Через неделю снова явились гости и любитель выпить тоже.
Об инциденте никто не вспоминал. Всё шло прекрасно, и казусов больше не ожидалось.
Однако! Когда гости вознамерились расходиться по домам, то оказалось, что нет каракулевой папахи специалиста по прейскуранту цен на винно-водочные изделия.
Потом такие папахи носили только генералы, но в Бесарабии до советской власти их носили даже мужчины, любившие выпить.
Никакие поиски и допросы результатов не дали.
Он ушёл в папиной папахе.
Принадлежащую ему папаху, нашли на второй день в помойном ведре…
Совершённый мной теракт остался без наказания.

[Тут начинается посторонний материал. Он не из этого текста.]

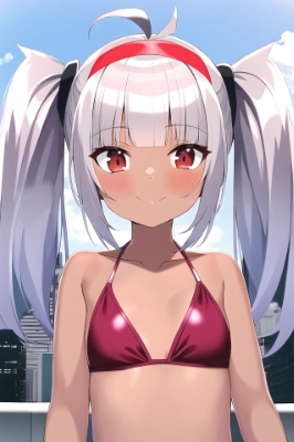 「街中でビキニ」のつもりでしたが、プールみたいな背景が付いてきました。 ビル街の中にある屋外プールでの感じに。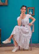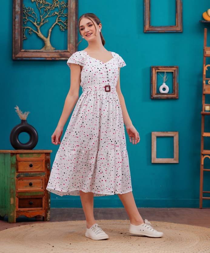 Elevate your style with this lightweight crepe dress, featuring a playful polka-dot print in Pink, black, and white. Designed with cap sleeves and a belted waist, it's perfect for casual outings or daytime events. Pair it with sneakers for a chic look.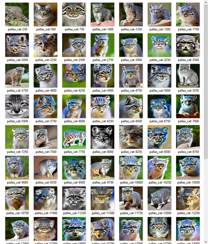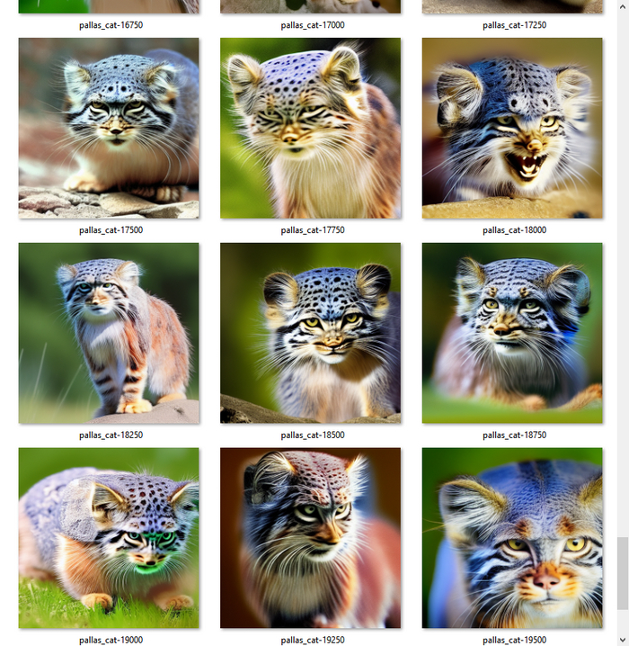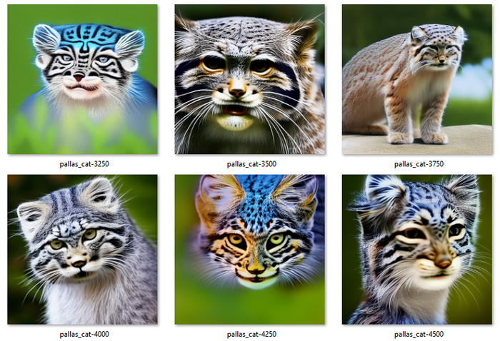 Пришёл к выводу что для обучения "что такое манул" нейросетке дал мало "памяти". Просто когда проводится такая вот тренировка для отрисовки нового объекта или стиля рисования, генерируется крошечный файлик, от нескольких килобайт, который называют "embedding" ("вставка"). Там просто пачка чисел. И вот когда в запросе на генерацию картинки использует название этого файла, числа загружаются, но вот их количество определяет, сколько информации туда можно впихнуть. А задал я по минимуму. Но вот нейросетке и не очень получается привести к общему знаменателю.

Таким образом, начало моей борьбы за справедливость не имело трагических последствий, чего нельзя сказать о дальнейшем.
Ещё была одна «роковая история», когда меня и одного мальчика с нашей улицы украли цыгане.
Сценарий моей жизни мог стать совсем другим.
Но случайно, уже далеко от местечка, нас увидели соседи и забрали домой.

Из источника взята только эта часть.